Argentine actor and author

Leandro Taub is an Argentine actor, author, and motivational speaker who was born on May 5, 1983, in Buenos Aires and raised in Bariloche. As an actor, he debuted as the poet Enrique Lihn in Alejandro Jodorowsky's film Endless Poetry. He wrote 6 books, and one of them is Sabiduría Casera.

== Early life and education ==
Taub comes from a Polish-Jewish family. He got his degrees as a Bachelor in Economics and a Master in Finance from the University of CEMA. He also studied numerology, yoga, kabbalah, shamanism, tarot and alchemy.

== Career ==
Taub started his career as a financial analyst. By the age of 23, he had begun working as an investment advisor.
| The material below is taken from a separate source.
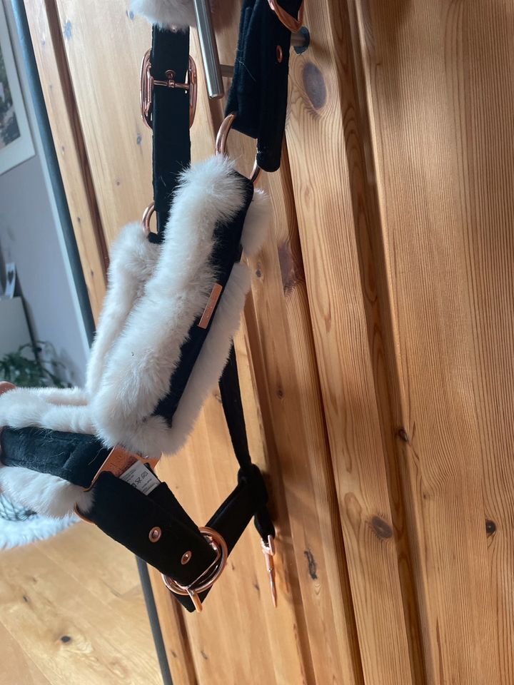 Biete neues Halfter der Firma HV Polo. Lag nur zur Anprobe am Pferd, ansonsten hing es im Keller. Daher sind auch keinerlei Gebrauchsspuren zu finden. Ist an Genick, Nase und Seiten mit Teddyfell gepolstert, welches super angenehm weich ist.

He has also worked for a hedge fund and for organizations in several countries, such as the US and the UAE.

By the age of 24, after a life crisis, he left Argentina and travelled around the globe before finding his purpose in life.
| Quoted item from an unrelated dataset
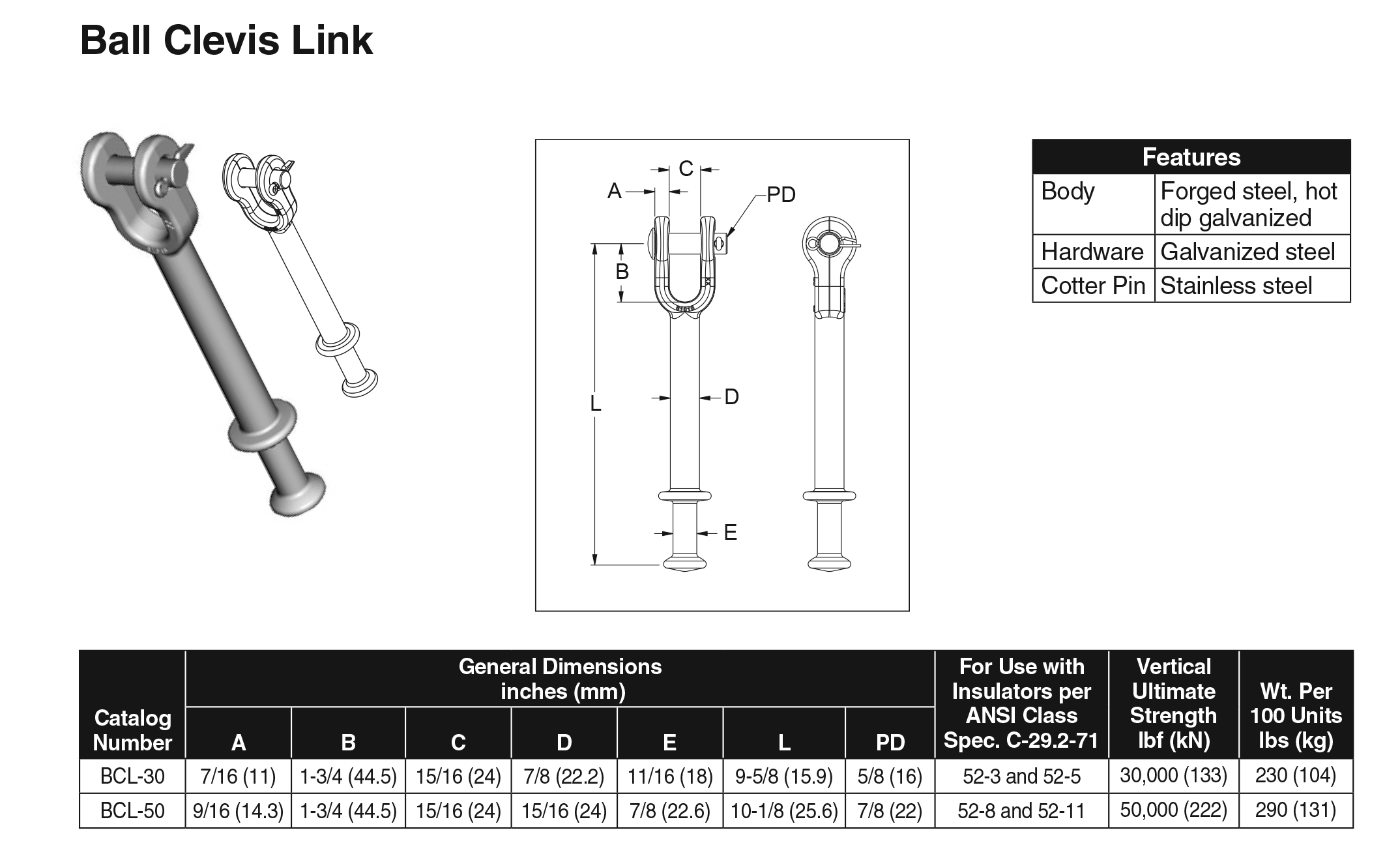 - Body: forged steel, hot dip galvanized

In 2011, he worked with the Argentine musician Fito Páez for the music video London Town. In the same year, Taub published his first book, Sabiduría Casera (Homemade Wisdom), with the Jnana Yogi, Lou Couture, and it became a bestseller that year. Following the publishing of his first book, he became a friend of Chilean-French filmmaker Alejandro Jodorowsky who wrote the introduction to Taub's third book, La Mente Oculta (The Hidden Mind), and invited Taub two years later to play the role at Endless Poetry, that premiered at the Cannes Film Festival in 2016.
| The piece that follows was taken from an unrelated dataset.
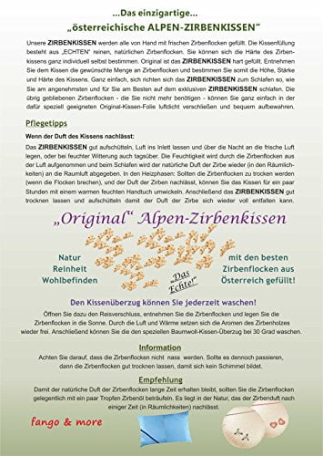Die Eigenschaften der hochwertigen Kissenhülle unterscheidet sich zu vielen anderen Zirbenkissen – ist luftdurchlässig, hautfreundlich, anschmiegsam u. bietet optimalen Schlafkomfort. Die aus den Zirbenflocken über lange Zeit ausströmenden Öle, m. d. typischen Zirbenduft, sind schon lange bekannt für eine beruhigende Wirkung.
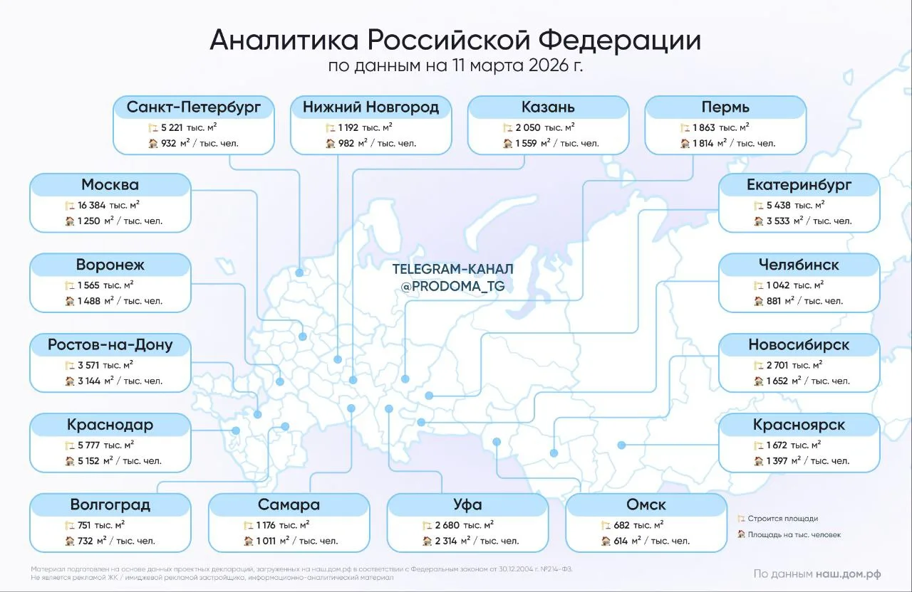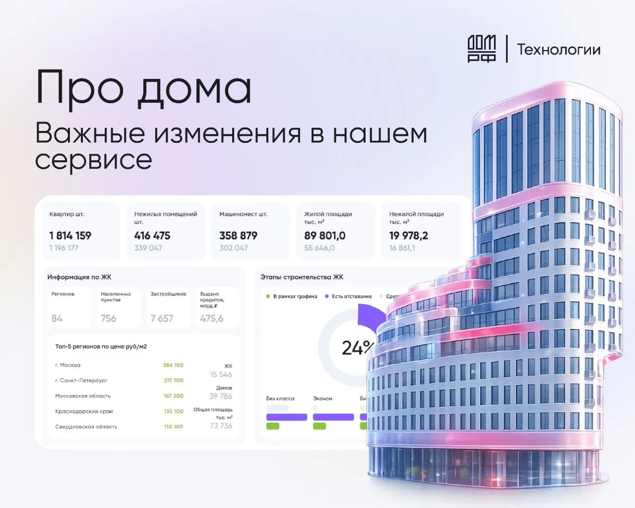🔹 «Про Дома» — аналитика по новостройкам в реальном времени: цены, объёмы строительства и активность конкурентов

During his career, Taub wrote 6 books and 27 audiobooks on the topics of Kabbalah, Buddhism, Yoga, Shamanism, Tarot, and Numerology and gave lectures in Argentina, Mexico, and Chile about his books and work.

In 2021, he made his feature film directorial debut with the drama film Externo, which earned a 100% approval rating on Rotten Tomatoes based on 5 reviews.

== Filmography ==

=== Featured ===

| Year | Title | Director | Role |
|---|---|---|---|
| 2016 | Endless Poetry | Alejandro Jodorowsky | As Enrique Lihn |
| 2017 | Woodwind | Fin Manjoo | As Bonifaz |
| 2021 | Externo | Leandro Taub & Jonathan Taub | As Joseph |
| 2022 | A Wounded Fawn | Travis Stevens | As Marcel Champ |
| 2024 | Where to Land | Hal Hartley | As Photographer's Assistant |

=== Documentary ===

| Year | Title | Director | Role |
|---|---|---|---|
| 2015 | Quién soy? (Who am I?) | Luis Alvarez Armenta | Leandro Taub |

=== Short films ===

| Year | Title | Director |
|---|---|---|
| 2016 | An Innocent Mind Has No Fear | Ralf Schmerberg |
| 2017 | Bed | Florian Tscharf |
| 2022 | All Tomorrow's People | Jivensley Alexis |
| 2024 | The Resident | Sergio Graman |

=== Upcoming ===
- The Dream of the Guest: with the actors Amanda Plummer, Jean-Marc Barr, John Robinson, Lizzie Brocheré and Udo Kier, co-produced by the German producer Peter Rommel.

== Books ==

| Year | Title |
| 2011 | Sabiduría Casera |
| 2012 | Santo Diablo |
| 2013 | La Mente Oculta |
| 2014 | Homemade Wisdom |
| 2016 | Cuentos para la mente oculta |
El Anarquista
| 2025 | Romance |

== Personal life ==
In 2015 he was the boyfriend of the Argentine actress Celeste Cid.